Feature

Also of interest...in romance deciphered

I Do and I Don’t
by Jeanine Basinger (Knopf, $30)
Jeanine Basinger’s study of marriage in the movies is “never less than fascinating,” said Sara Vilkomerson in Entertainment Weekly. Deconstruct-ing a century of cinema, from pre–World War I slapstick to 2010’s The Kids Are All Right, the film historian identifies many of the tropes Hollywood relies on in depicting marriage and finds today’s screenwriters increasingly willing to give love stories ambiguous endings. The result is a “thoroughly entertaining” lesson in history and pop psychology.

Love in the Time of Algorithms
by Dan Slater (Current, $26)
The rise of computer-based matchmaking provides “rich anthropological loam” for journalist Dan Slater, said Philip Delves Broughton in The Wall Street Journal. Beginning with an early Match.com prototype (a 1964 system invented by a forlorn Harvard undergrad), Slater explores how romance has been transformed by technology—creating previously impossible happy endings but also encouraging groups of American men to go shopping for wives in distant, impoverished lands. 

The Last Girlfriend on Earth
by Simon Rich (Reagan Arthur, $20)
Some of the 30 humorous short tales in Simon Rich’s new collection are “all punch line,” said Mythili Rao in TheDailyBeast.com. The male in a coed astronaut team proposes a study on the effects of zero gravity on human mating; dogs search for their soul mates through Craigslist’s “missed connections” service. But even when some of Rich’s sketches about the quest for love touch messier emotions, there’s “an endearing simplicity” about his outlook.
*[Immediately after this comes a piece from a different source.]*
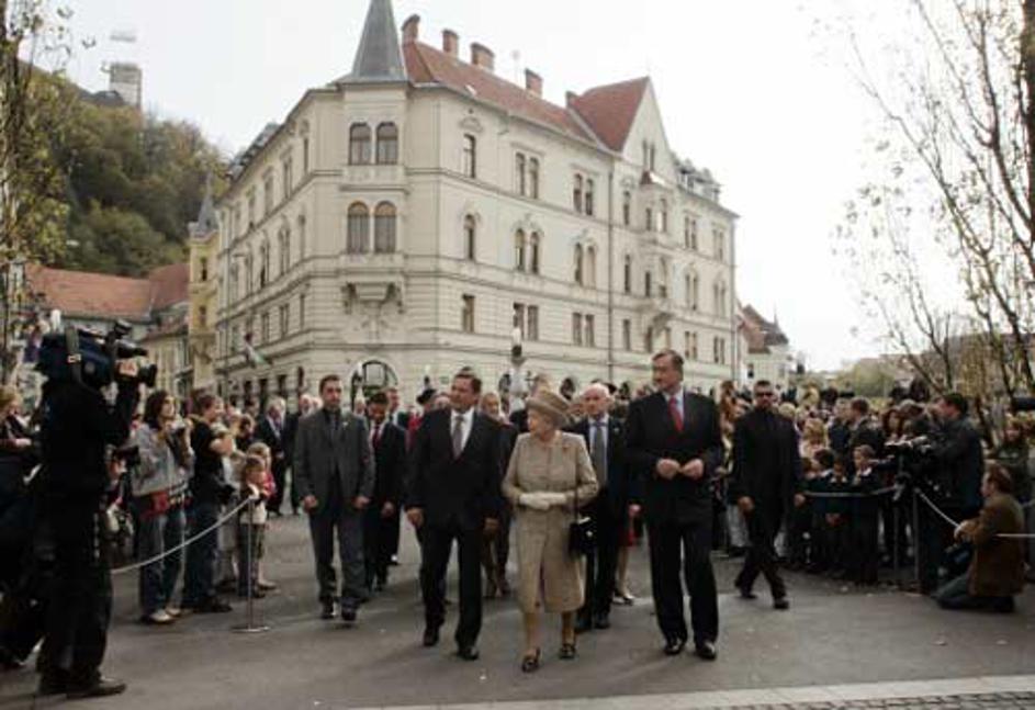 Med obiskom si je kraljica ogledala Ljubljanski grad in se sprehodila čez Tromostovje. Obiskala je t
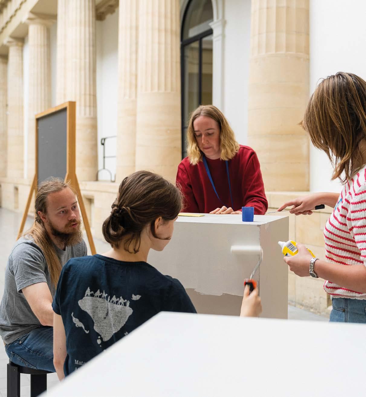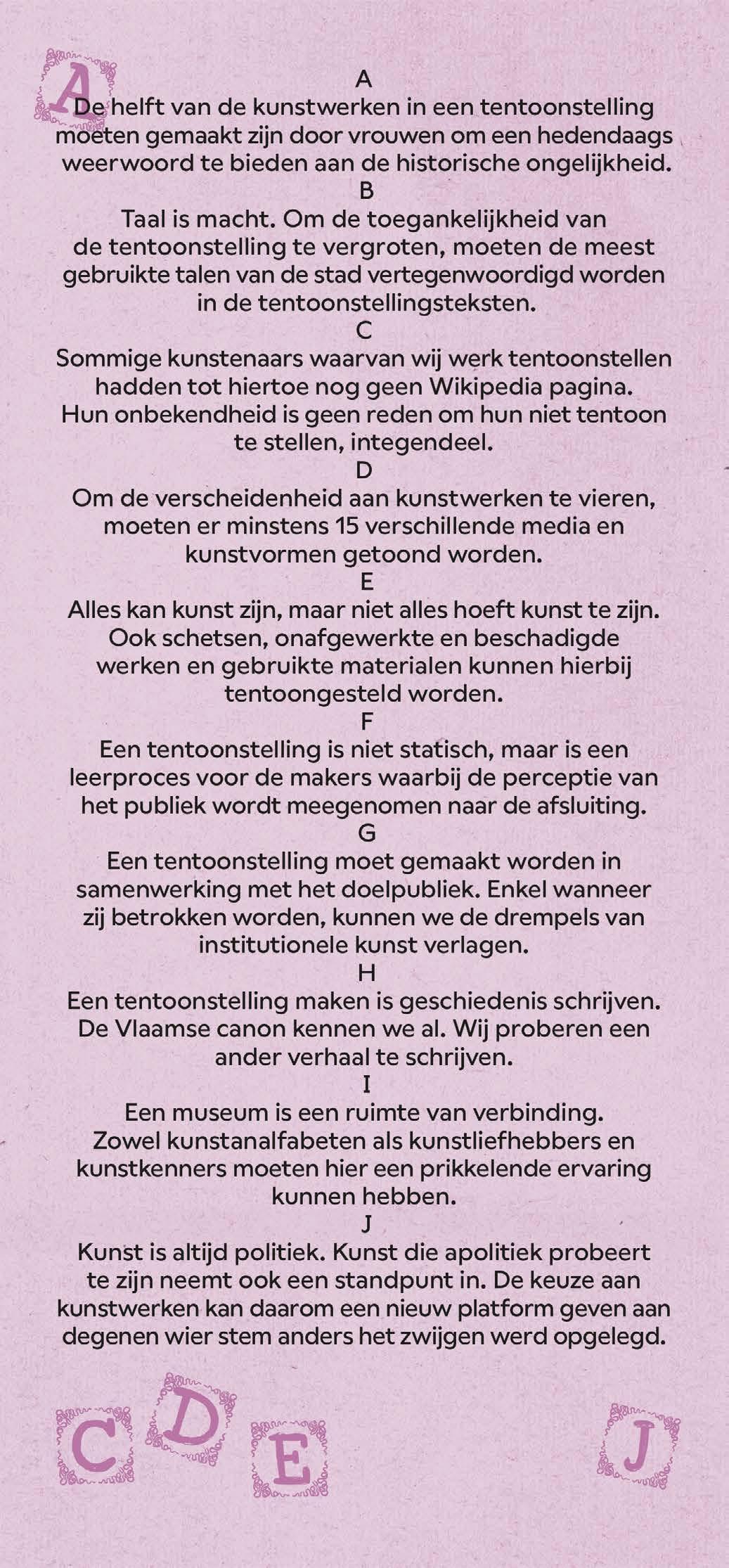 Openen doet Abby met een eigenzinnige kunstinstallatie van Rinus Van de Velde en met de openingsexpo F**klore. Reinventing Tradition. Daarin worden traditionele gebruiken, ambachten en narratieven met liefde, milde ironie en een open blik herdacht, in kunstwerken die variëren van wandtapijten en zandsculpturen tot installaties rond vinkenzetting en processies.

Love, in his world, is still capable of conquering all.

Prosperous Friends
by Christine Schutt (Grove/Atlantic, $24)
In Christine Schutt’s third novel, the gradual dissolution of a marriage is chronicled in “terse sentences that read like poetry,” said Rosanna Xia in the Los Angeles Times. So austere is the language that much of what’s come to divide a vain writer and his depressed wife goes unexplained. But by cutting from one well-wrought scene to another, Schutt keeps the novel moving at a lively pace as the characters come to understand the divide between self-image and the things that each has done.